Using advanced observational tools in the labs of the Art Conservation program at Queen’s University, his research project, History Is Rarely Black or White uncovers these stories in the study of cotton, not only to historically locate materials and their lineages, but to simultaneously highlight the rich legacy of racialized individuals who used clothing to assert their agency at a foundational time in Canadian history.

An upcoming exhibition, History Is Rarely Black or White, featuring works from Agnes’s dress collection, alongside the contemporary art of Karin Jones, Gordon Shadrach, and Damian Joel, situates this research in historically referenced yet radically future-oriented ways.

Child’s Dress, around 1893, cotton

Waistcoat, around 1792–1820, satin, cotton and gold thread

An embroidered cotton menswear vest (around 1792–1820), a child’s cotton dress (around 1893), and a young child’s cotton and silk suit (1870–1900) have been a few of the objects in the Queen’s University Collection of Canadian Dress that Jason Cyrus has examined as the 2021 Isabel Bader Fellow in Textile Conservation and Research, along with and Isabel Bader Graduate Intern Anne-Marie Guérin.

“I use fashion as a lens to explore questions of identity, cultural exchange, and agency. My research centres the experiences of marginalized communities within material culture as means of advancing decolonization.”

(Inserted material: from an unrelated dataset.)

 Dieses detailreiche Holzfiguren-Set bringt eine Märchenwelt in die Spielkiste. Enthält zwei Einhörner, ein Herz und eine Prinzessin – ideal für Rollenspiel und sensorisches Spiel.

Cyrus and Guérin are examining the material culture of cotton garments through archival research and conservation science. Using a variety of techniques, including isotope analysis, they are working with experts to pinpoint where the cotton was grown. Archival records reveal where the raw material was woven and later sold. Based on their findings, Cyrus and Guérin are mapping a wider supply chain that connects garments at Agnes to resource extraction, Indigenous displacement, the Transatlantic Slave Trade and the Underground Railroad. The Victorian cotton industry played a key role in advancing climate change, global income disparity and the systemic oppression of marginalized communities. Cyrus locates direct connection to Canada through archival materials sourced from the Archives of Ontario.

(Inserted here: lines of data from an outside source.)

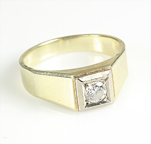 Herrenring für den kleinen Finger, GG/WG 585/000, 1 zentraler Brillant ca. 0,35 ct w-si/vsi, RW ca. 55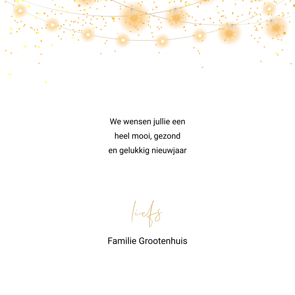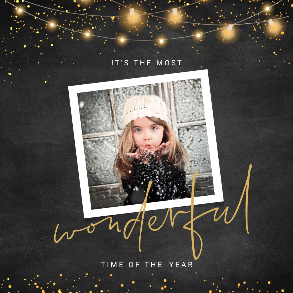 It's the most wonderful time of the year! Wenskaart voor de feestdagen met sfeervolle brandende lichtjes op een krijtbord achtergrond. Vervang de foto voor een eigen foto en voeg je eigen kerstgroet toe.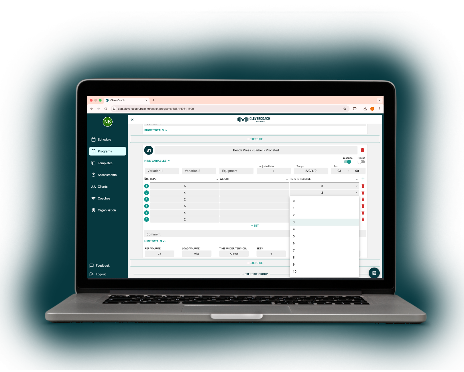 Easily build progression within a single program by adjusting reps, RPE, or RIR week to week. CleverCoach gives coaches finer control over how training is prescribed, without rebuilding workouts or programs.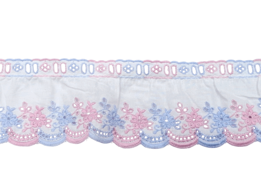 Δαντέλα ασπροκέντημα με ροζ και σιελ λουλουδάκια με φάρδος 8 εκατοστών. Η τιμή αφορά το ένα μέτρο.

The research culminates in History Is Rarely Black or White, an exhibition opening at Agnes  27 November 2021. Here Cyrus connects the research on the global cotton industry to its ongoing legacy. Three artists engage cotton’s colonial history to discuss questions of identity and belonging. “Each of these creatives mines their lived experience as a racialized individual with heritage linked to global migration,” says Cyrus. “By doing so, they demonstrate the manner in which the burden of colonial history entwines itself in research, making and daily life.”

Gordon Shadrach, Written in Stone, 2017, acrylic on wood. Courtesy of the artist

INTRO X DJ, Songs of the Gullah Campaign Image, 2020. Courtesy of the artist

Karin Jones’s installation and Gordon Shadrach’s portraits implicate Canada’s role in the cotton industry by challenging erroneous narratives of Blackness created by colonialism. Damian Joel’s fashion story, Songs of the Gullah, connects this exploration to making in a manner that is historically referenced yet radically future-oriented. The inclusion of Joel’s work brings the exhibition narrative full circle by juxtaposing the dress collection at Agnes with contemporary pieces based on similar networks of relation.

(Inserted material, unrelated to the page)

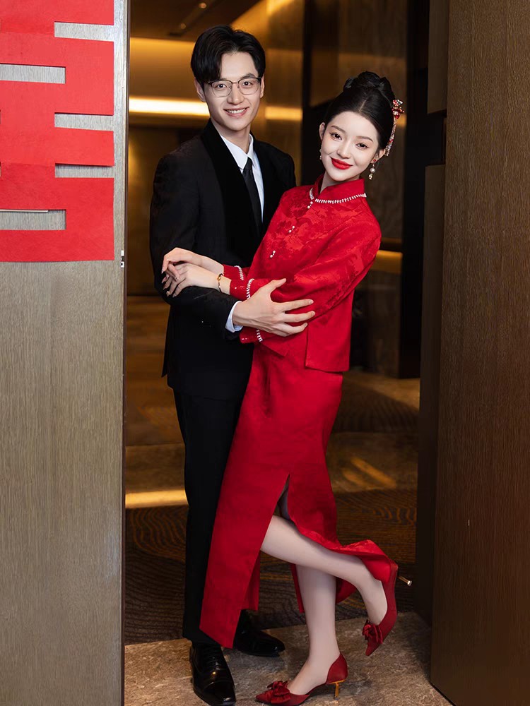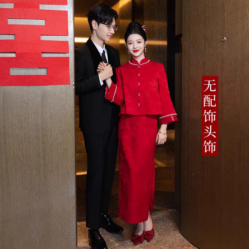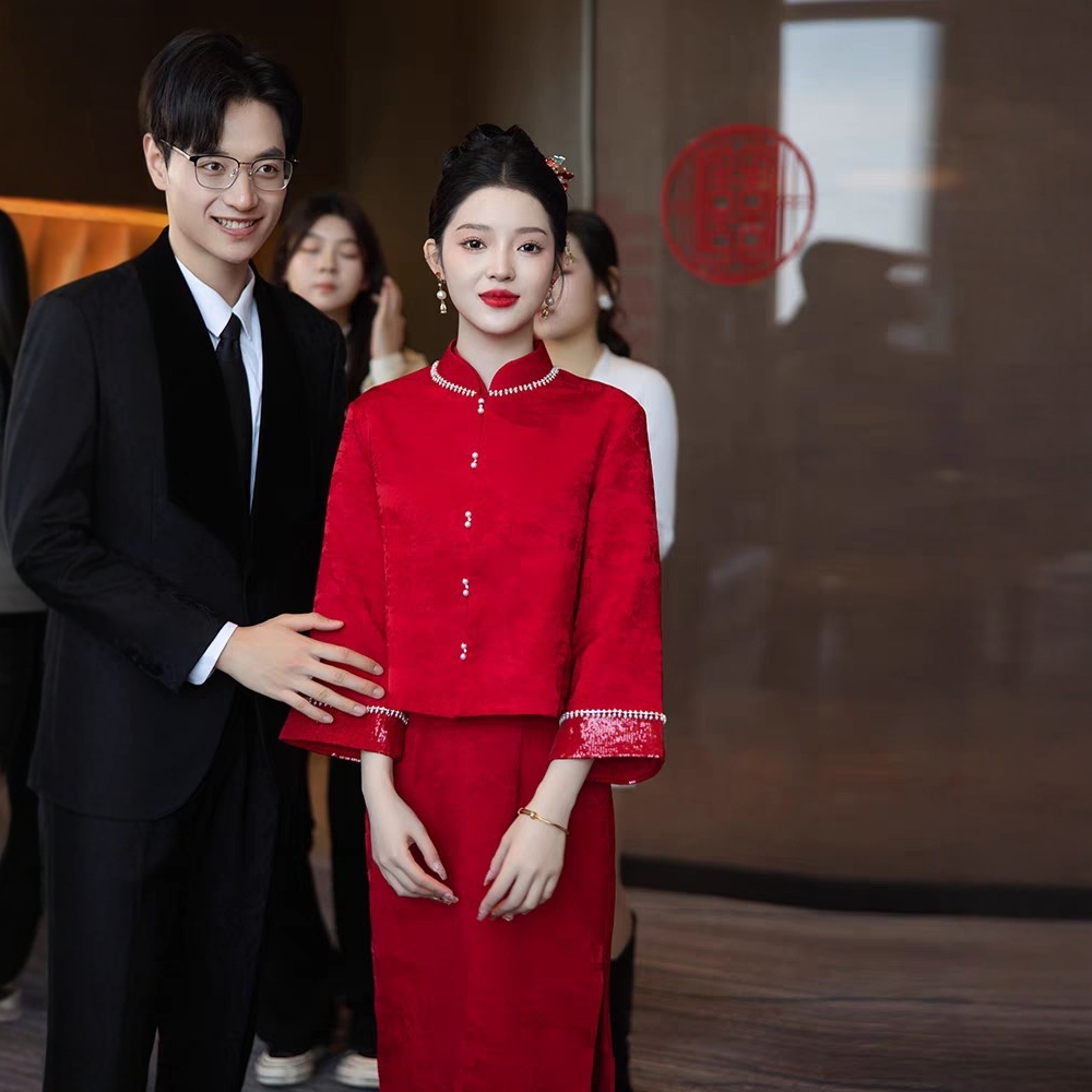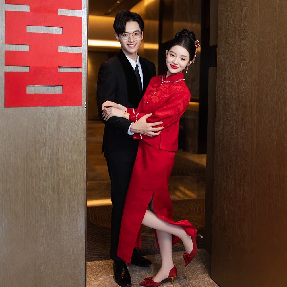Красный новый китайский костюм Cheongsam новый китайский свадебный костюм

In 2021, Jason Cyrus and Dr Laura Peers were awarded the Isabel Bader Fellowship in Textile Conservation and Research. The program expanded to two fellows to celebrate the tenth anniversary of this remarkable program funded by Dr Isabel Bader. Dr Laura Peers’s research project, which addresses geographical distance between Indigenous audiences and museums by advancing ways to improve remote visual access to collections. A deeper look into her project is forthcoming.

The Isabel Bader Fellowship in Textile Conservation and Research is a residency and research opportunity that promotes investigation in textile conservation and costume history. The Fellowship links two of Queen’s University’s unique resources: the Queen’s University Collection of Canadian Dress at the Agnes, which comprises over 2000 articles of fashion from the late 1700s to the 1970s, and the Master of Art Conservation Program, which offers Canada’s only graduate degree in art conservation theory and treatment.